Engels Was Right!
Organized Labor's Opposition to Chinese in the U.S.

Stanford M. Lyman Responds

[from New Politics, vol. 8, no. 1 (new series), whole no. 29, Summer 2000]

STANFORD M. LYMAN is Robert J. Morrow Eminent Scholar and Professor of Social Science at Florida Atlantic University. Author of numerous articles and books, his most recent book is Postmodernism and a Sociology of the Absurd and Other Essays on the "Nouvelle Vague" in American Social Science.


The most fundamental prejudices reside in the belief of not having any prejudices.

Pierre-Andre Targuieff,
Les fins de l'antiracism (1995), p. 197.

. . . [T]he true credit for the agitation against Oriental Immigration should go where it belongs -- to the pioneers of the trade union movement in San Francisco, Dennis Kearney, Frank Rooney, John O. Walsh, John I. Nolan, and many others of that day who in and out of season preached the gospel of exclusion of Orientals.

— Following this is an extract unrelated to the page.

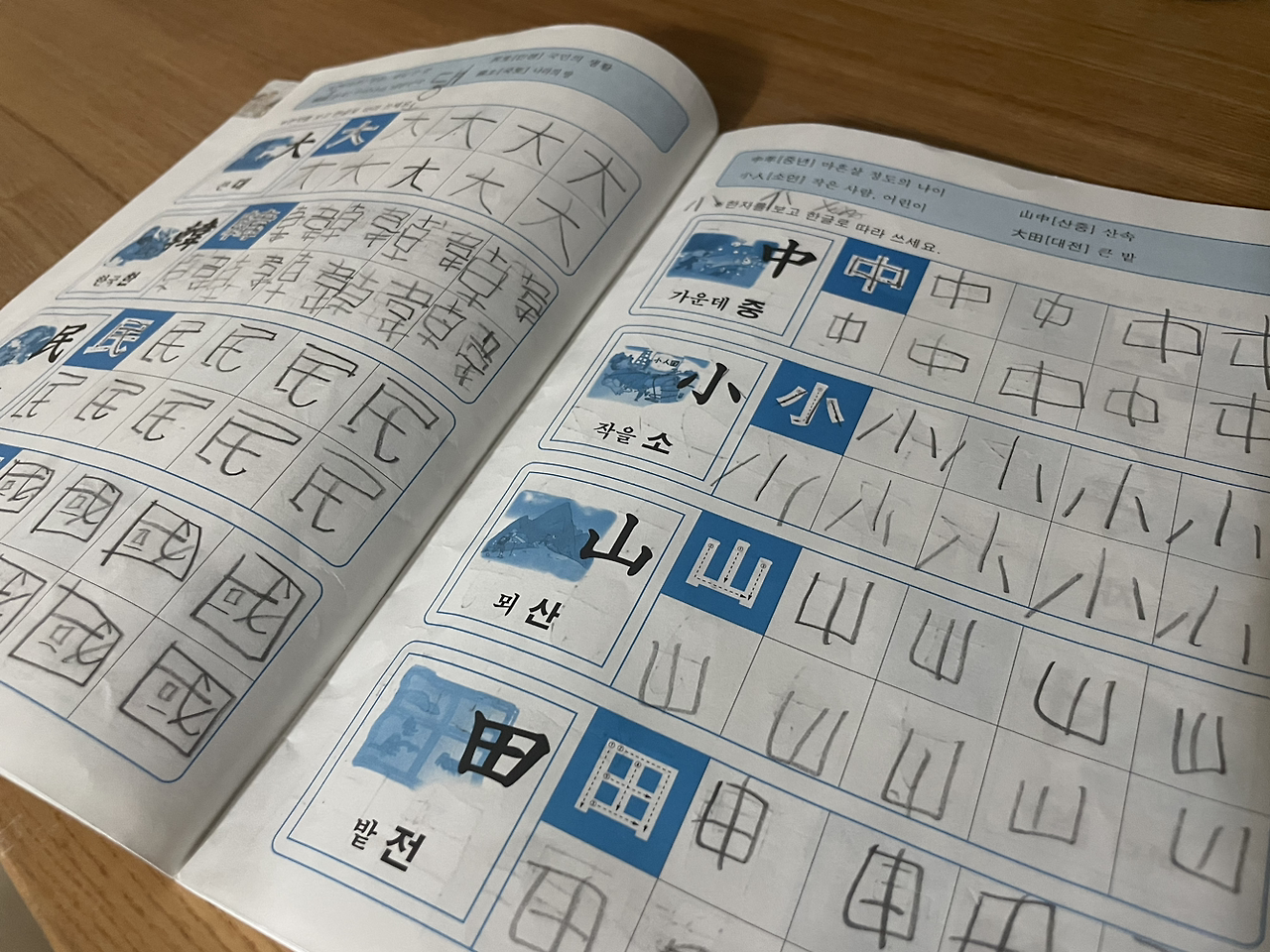 건순이가 가지고 온 시험대비교재를 넘겨본다. 엄마도 모르게 유치원에서 따라 그려온 한자들이 빼곡하다. 유치원 생활에 대해 재잘재잘해 주는 건순이가 이렇게 꼭꼭 눌러쓰느라 손이 아팠다는 한 마디를 안 했다. 그만큼 관심 밖의 일이었나 보다. 뒤늦게 해보겠다고 마음 먹고 나서는 구깃해진 교재 뒷편의 기출문제를 풀어보겠다고 엄마에게 도움을 청해온다. 문제를 읽는 것 부터가 문제.
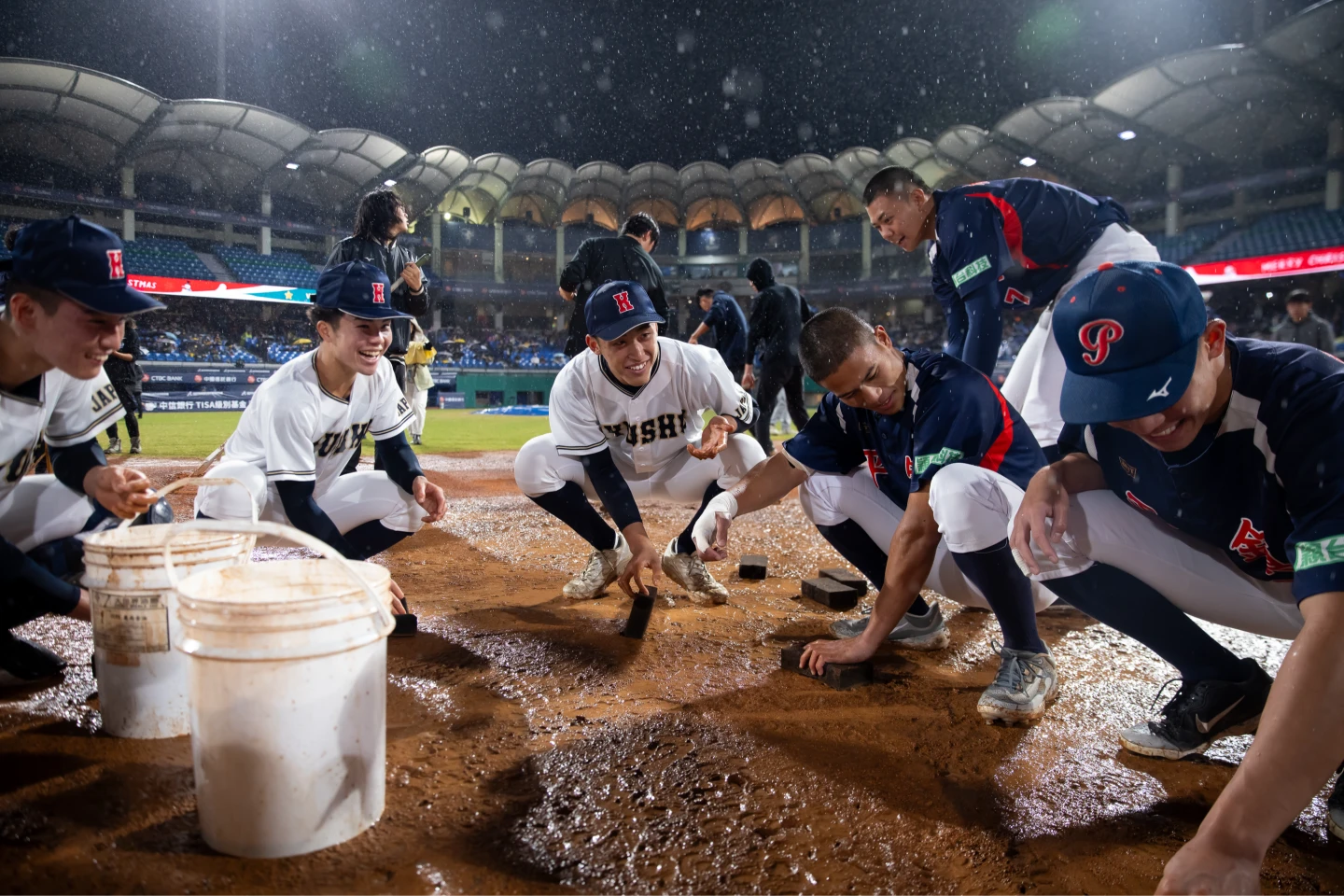 今天受到鋒面影響,新莊棒球場整日都陰雨不斷,傍晚雨勢加大導致內野出現積水情況,原訂要在場上進行的開幕儀式先移到二樓觀眾席,晚間平鎮高中對上九州聯隊的比賽,原定6點30分的比賽延到7點開打,且為了加速場地整理,兩隊球員、教練,就連現職亞洲棒球總會特助的周思齊也跟上。

Proceedings of the Forty-third Annual Convention of the
California State Federation of Labor, Long Beach,
California, September 21-25, 1942, p. 226.

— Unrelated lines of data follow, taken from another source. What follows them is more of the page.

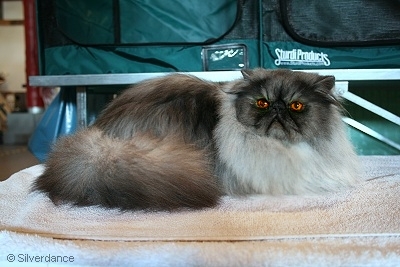 Her mother, CFA CH / GEC Estagel Candygirl of Silverdance, is a (black)‑tortie‑smoke persian female. Her father, CFA CH / WCH and Owner of RVDE Quality Seal My Fantasy's Blue Ice Sensation of Silverdance, is a blue‑smoke persian male.
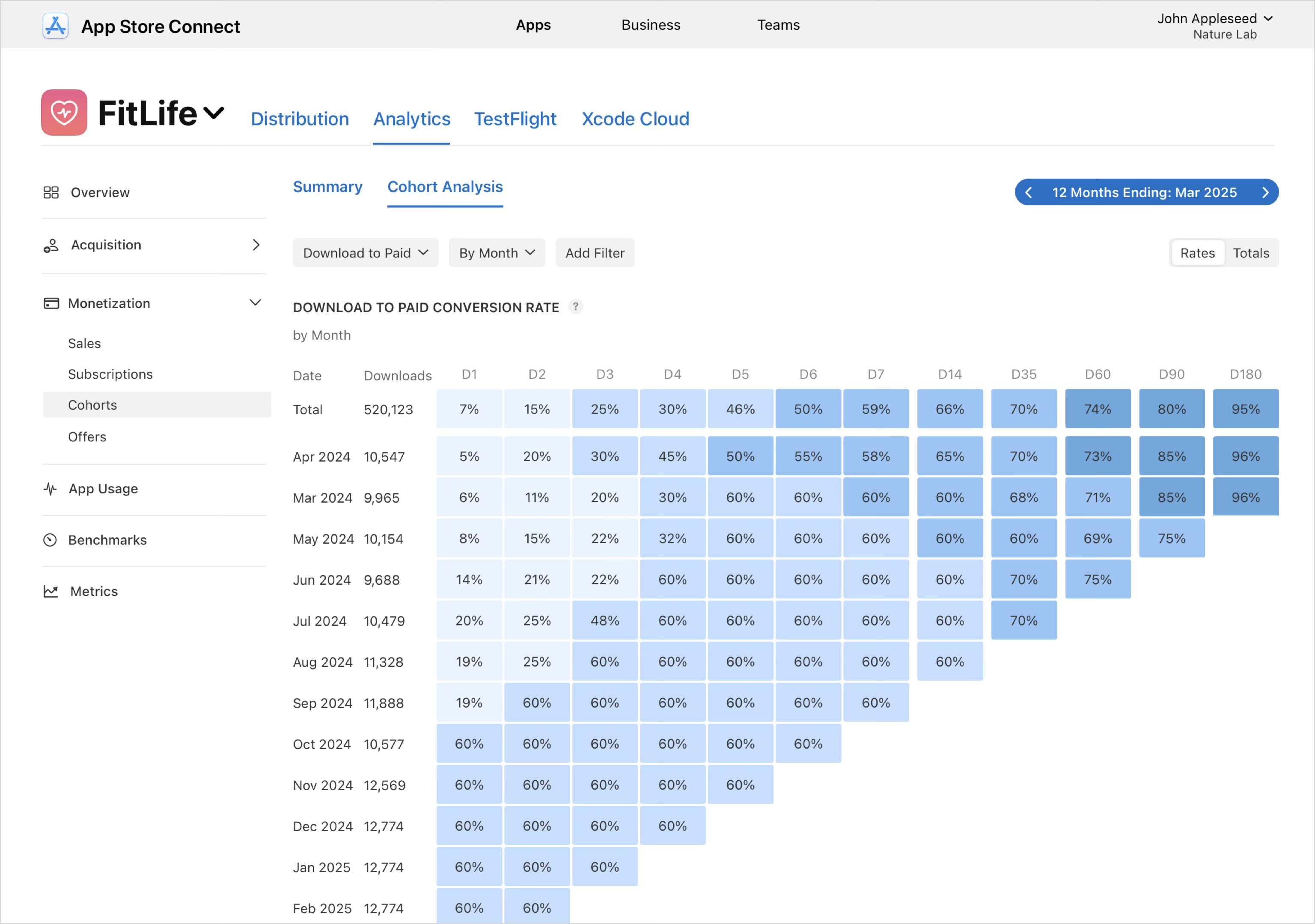 If you select the Download to Paid metric, each row represents a cohort of users who downloaded your app in the same month, and each column (D1, D2, D3, and so on) shows the percentage of that cohort that completed a paid transaction—such as starting a paid subscription or making an In-App Purchase—within a given number of days after download. This view helps you understand how effectively downloads convert into revenue over time, compare monetization performance across cohorts, and evaluate the impact of changes to onboarding, pricing, offers, or acquisition quality. Use filters like purchase type, subscription group, offer type, territory, or device to analyze specific segments, and switch between Ratesand Totals to view conversion performance as percentages or as absolute counts of paying users.
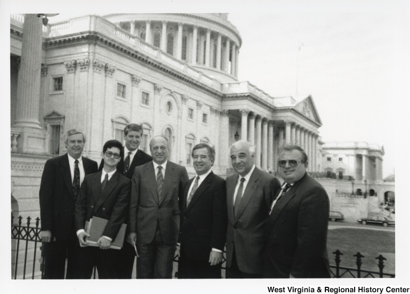 - Third from the right, Representative Nick J. Rahall (D-W.Va.) stands for a photograph with six unidentified men in front of the United States Capitol building.
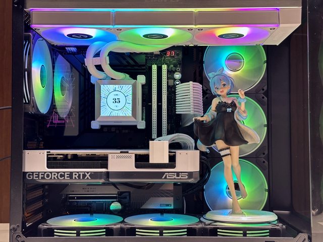 久違地(?)再把老婆擺上去,HydroShift LCD 360R沒有水冷管的阻礙,模型真的能隨便

THERE ARE FIVE MAJOR POINTS TO GYORY'S RESPONSE to my analysis of his book1: [1] That my essay is part of an "ideological cold war [that] has erupted among historians of labor, immigration, and race"; [2] that the East Coast white workingmen's point of view on the coming of Chinese to the United States was limited to an opposition to "imported" as opposed to "immigrant" arrivals; [3] that the "motive force" behind the Chinese Exclusion Act was the opportunism of a few "national politicians" who seized upon the "race card" in "an effort to gain votes"; [4] that a true understanding of "race prejudice" is not demonstrated by showing "how prejudiced people were", but rather on "how they acted on this prejudice"; and [5] that "what happened after 1882 is irrelevant to the [Chinese Exclusion] law's passage." In this brief rejoinder, I shall address each of these points.

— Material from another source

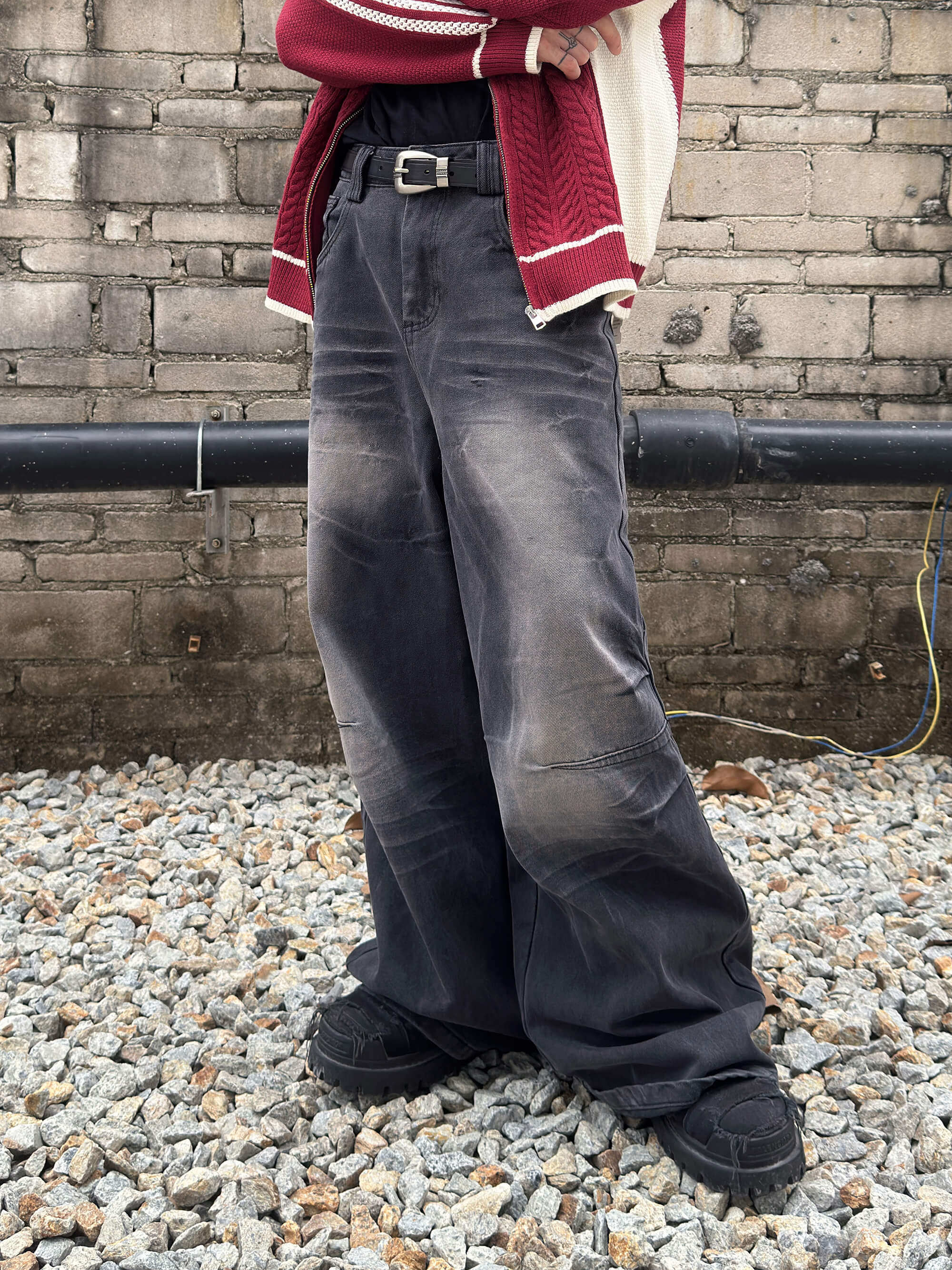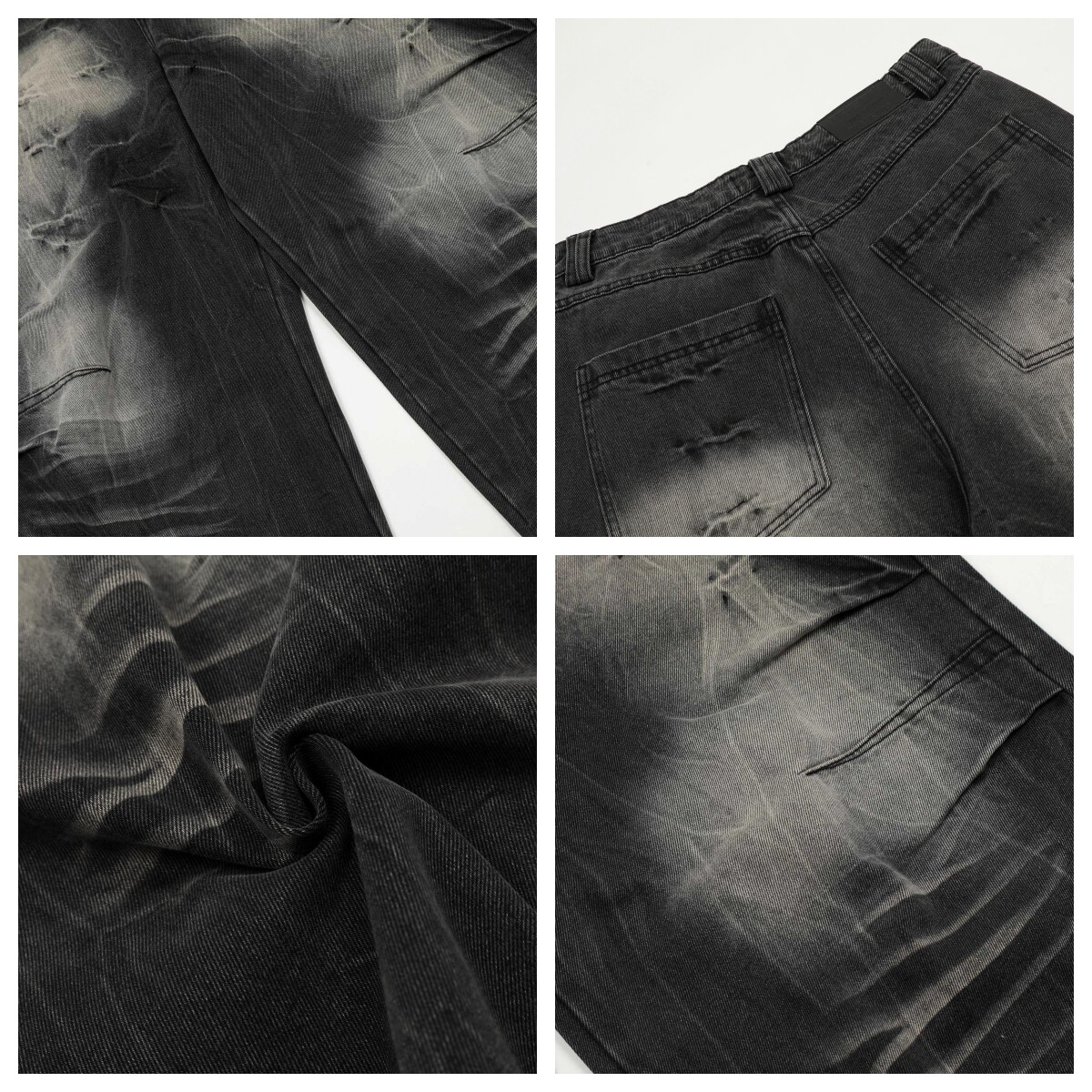 Heavyweight Wash Pleats Flare Denim Jeans WN22995

The "Cold War" in American Labor History

THAT THERE MIGHT BE A "COLD WAR" IN CURRENT AMERICAN LABOR HISTORY is not without some significance. But, the history of a struggle to understand the role of race and labor conflicts in American society is not new and antedates the current debate by 200 years. Indeed, it is part of the deliberations over and investigations of "American exceptionalism," i.e., the extent to which America is "different" from Europe and not merely an extension of the cultures, conflicts, and casuistries that arose on that side of the Atlantic.2 One element of the debate over this "difference," one that has been given increasing attention of late, is a consideration of the role of "race," "race relations," and "race conflicts" in shaping American institutions, laws, customs, and ways of life.3 Whether "race" distinctions -- defined rather broadly to include divisions among "whites" and "non- whites," "Anglos" and "non-Anglos," " European settlers" and pre-Columbian "Native Americans (Indians)", "Europeans" and "Africans," and "Europeans" and "Asians" -- have been more significant than "class," "gender," or "sexual preference" in defining the rights, opportunities, and life-chances of the peoples coming to or already settled in the United States, is, of course, still a matter in dispute, but there is more and more evidence and interpretation in favor of assigning race a, if not the, foremost place.4

Of all American institutions where an order based on race and color would predominate, none emerged more clearly than those governing marriage and work. Space does not permit me to discuss the former, but it should be noted that at one time 39 States of the United States forbade marriage across the "color line," of which 13 included provisions barring the marriage of whites to "Mongolians." 5 My concern here, however, must be limited to the world of unionized work, where, despite what Messrs. Gyory, Laurie, Arnesen, and the late Professor Gutman seek to have us believe, there has been erected an only occasionally breached wall of separation, exclusion, and eviction directed against non- white, non-Anglo male and female laborers.6 Among those so treated have been Chinese workingmen and women, who not only were barred from membership in most of the unions organized in the heyday of burgeoning trade-union organization -- the notable exception being the Industrial Workers of the World -- but also excluded by law from coming to the United States and denied the right to naturalization from 1882 to 1943. The harshness of their situation -- later to be reinforced by the treatment accorded to Japanese and other Asian peoples coming to America -- was in no significant way mitigated by the attitudes or actions of the mainstream elements of organized labor.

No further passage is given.